Chlorine has the same electron configuration as fluorine, just one shell larger. This allows chlorine a broader palette of chemical reactions, given the presence of a d-orbital. Like sulfur, this gives rise to more possible molecular geometries. Chlorine can sustain multiply bonded atoms, but it takes bonding atoms with stronger electronegativity than chlorine in order to draw it into multiple bonds. This limits to list of contenders essentially to oxygen and fluorine, as we see in the chlorate (ClO3–) ion. (The wireframe simply indicates the boundary of the n=3 shell, since there are no electrons defining the boundary of its sphere.)
The outer spheres above simply indicate the directions of maximum electron density. The orbitals themselves will be more like spherical tetrahedra that can only occupy volume within their shell. The entire shell will be filled with electron density. It will be highest at the center of the face of each orbital and will decrease toward the nodal regions that divide the shell into four equal volumes, where electron density will be lowest. Like argon, chlorine features two nested spherical tetrahedra, the inner 2nd shell comprising 4 di-electrons, the outer 3rd shell comprising 3 di-electrons and 1 single electron. In this case the three orbitals containing the di-electrons (dark pink) will occupy slightly more volume than the one containing an unpaired electron.
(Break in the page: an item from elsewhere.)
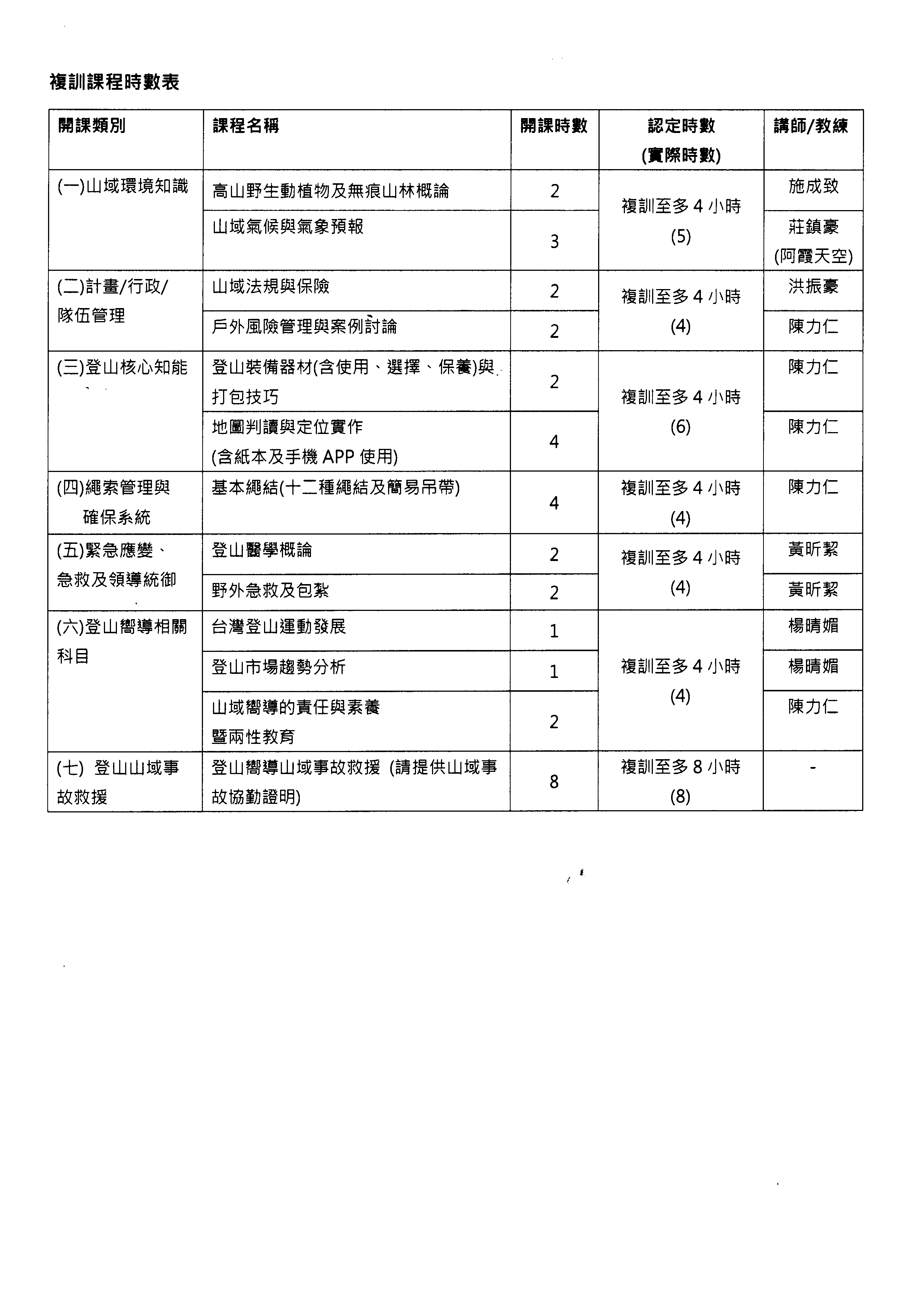 複訓者須完成累計二十四小時課程方得申請展延「山域嚮導證書」,效期四年。選課超過上列(七項)大科目的上限部分,時數不計入複訓時數。第七項<山域事故救援>時數,可於在證書效期內實際出勤支援山域事故搜救後,請消防單位核發證明文件,或向民間山域搜救志工組織等相關協勤單位取得證明文件,證明文件範本請向本機構索取。嚮導可持該證明文件由本機構認定後核發時數,最多8小時。

Chlorine is keen to obtain an extra electron to fill its third shell and it can bond with many atoms on the periodic table. Chlorine can make one or more covalent bonds or gain an electron in ionic interaction in order to reach the stability of the 3s23p6 noble gas configuration of argon, which is a multi-di-electron state with three concentric full shells. That is why chlorine forms a 1– ionic state. The negative ion is larger than its neutral version because electrons now outnumber protons. This results in a lower effective nuclear charge — a lower average attraction by the nucleus on each electron.
When sodium and chlorine interact, chlorine takes the electron from sodium that sodium is keen to lose, forming both atoms into their ions and allowing both to achieve full shell configurations. The ions can then stick to each other because of their opposite charges, forming sodium chloride (NaCl) crystals. This process is called ionic bonding.
Sodium chloride (NaCl) dissolves in water because the polar H2O molecules and the ions in the crystal attract each other. The water molecules can therefore tug ions off the crystal and still satisfy the ion’s desire to attract their opposite polarity.